Lisa Smosarski, Stylist Editor-in-Chief addresses the false pressures social media is putting on people on during self-isolation.
Write a book! Work out like you’re training for a marathon! Craft something! Bake anything… self-isolation is just GREAT for personal development.
What do you mean you don’t feel like getting out of bed? You know the rules: get up like it’s a normal Monday, do yoga in the massive garden you probably don’t own, write meaningful letters to your friends, host date night with your partner, make your own clothes, cut your own hair… whatever you do, don’t just sit in front of the telly every night. Host a quiz! Sing a song! Wear a hat! Just DO something.
I for one am exhausted by this sabbatica… sorry, stint of self-isolation, already, and all I’ve done is read about most of this stuff on Instagram. Can it really be true that everyone else is having a jolly old time when all I seem able to do is drag my weary limbs out of bed, work around the clock and make 1,000 different meals for my kids every day? Admittedly, I’ve been dabbling with some Zoom quizzes and birthday drinks at the weekends, but if I’m being completely honest that’s really just a chance for me to make downing a bottle of wine socially acceptable while gazing at some people I love.

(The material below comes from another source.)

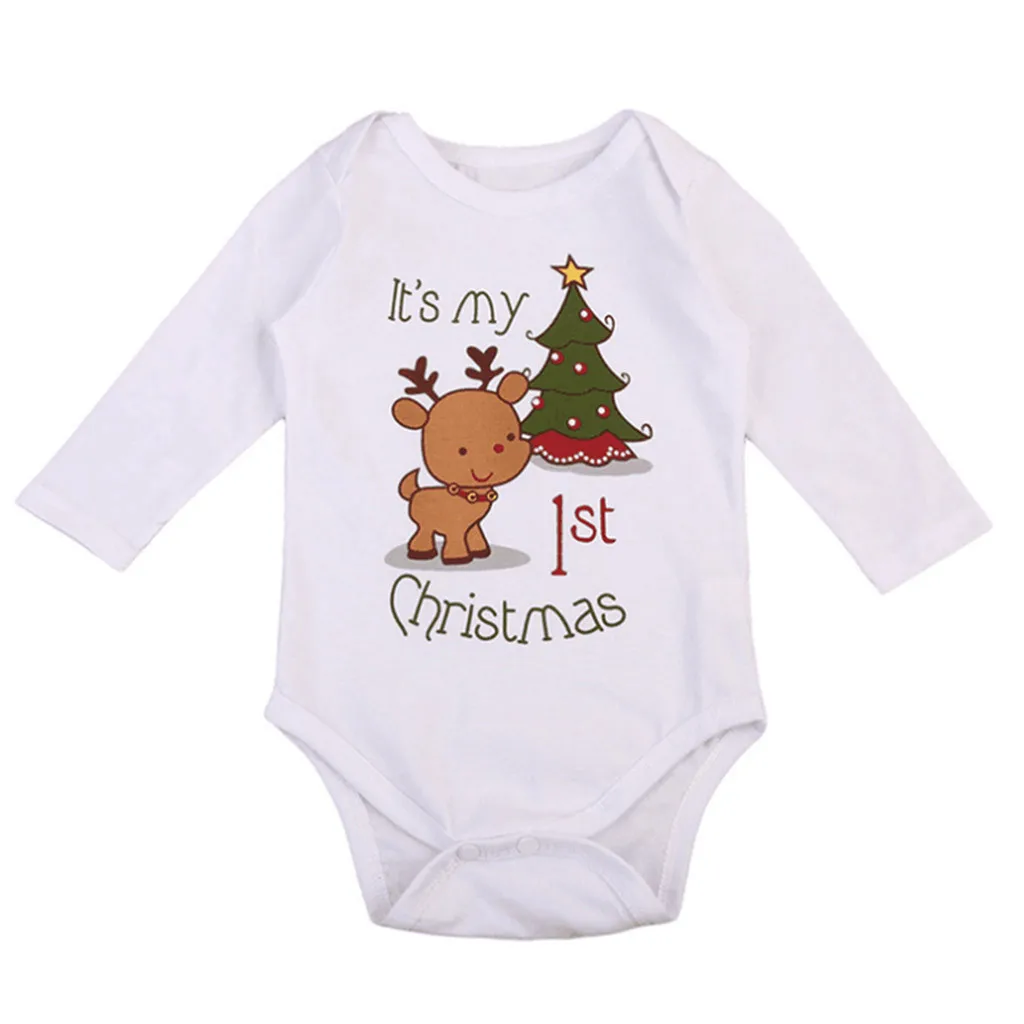 Комбинезон для новорожденных мальчиков и девочек с рисунком оленя и рождественской елки; осенняя одежда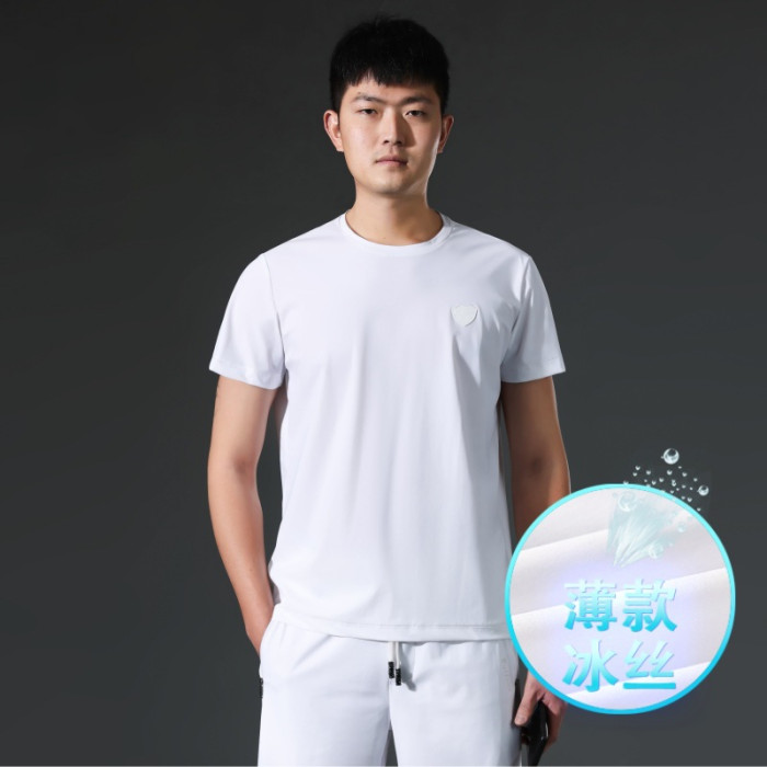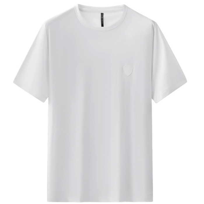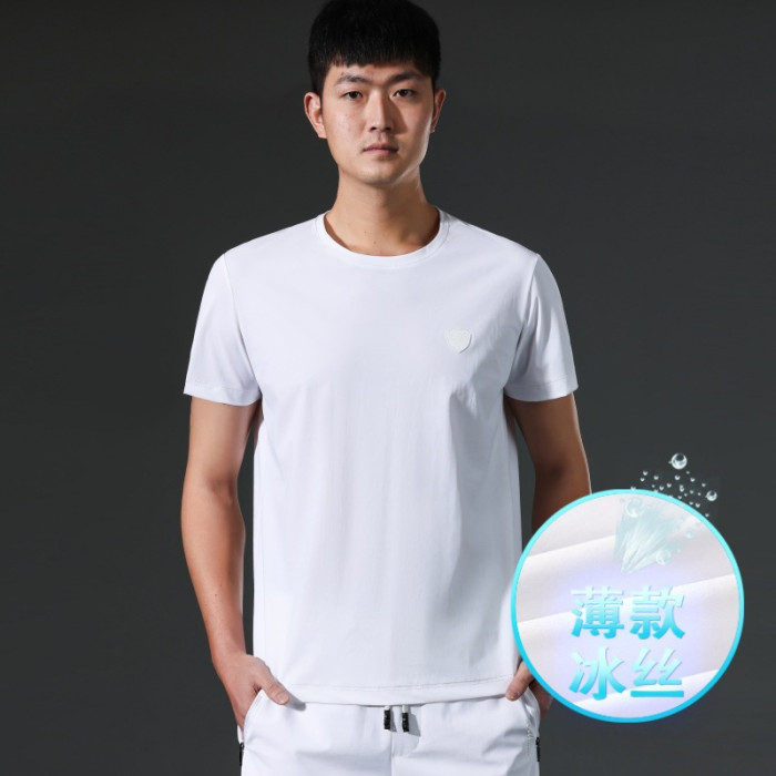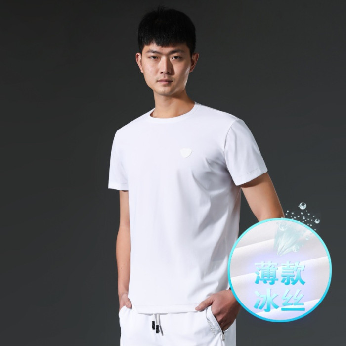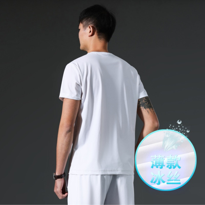 高級涼感短袖男t恤夏季圓領白色男士夏天超薄款冰絲半袖高彈體恤

I’m not knocking the positivity – far from it, I thrive on enthusiasm and energy and really need some fun in my life right now. But as a collective – society, media, social media – we have an incredible knack of making lots of people feel a bit like they’re failing at life by somehow not doing it all, and these constant showcases of self-improvement are doing just that. Because, for so many of us, this isn’t much fun. We are scared about our loved ones (and ourselves), nervous about the economy and anxious about a world we don’t recognise – with no control over how to get it back. We may dabble with virtual nights out but that belies the truth for many, where getting out of bed feels like the most victorious thing we’ll do all day. Getting dressed and putting make-up on? That’s the utopian dream.
For many office workers who find themselves at home, finding meaning and purpose can be hard too, especially in a world that has changed beyond recognition. At the other end of the spectrum, for our healthcare and key workers the opposite is true. Too much work. Too much pressure. Too much self-sacrifice. There is no middle ground.
Motivating yourself to do anything if you are working harder than ever – or at the opposite end of the spectrum you’ve lost employment or are on furlough – is accomplishment enough. We are navigating tough times, living through a global crisis, and the only measure of success is coming through this as unscathed as possible.
So, keep up the creativity, continue the fun, and we’ll keep doing the same, but let’s share some of the other side too. The nights under a blanket on the sofa watching Bridget Jones for the 18th time, the tears, the wobbles, the reality that many of us don’t know what day it is or which way is up. We can have both gears but let’s work as a team and reassure each other that just getting through this is enough. YOU are enough right now… And writing that book can definitely wait until tomorrow.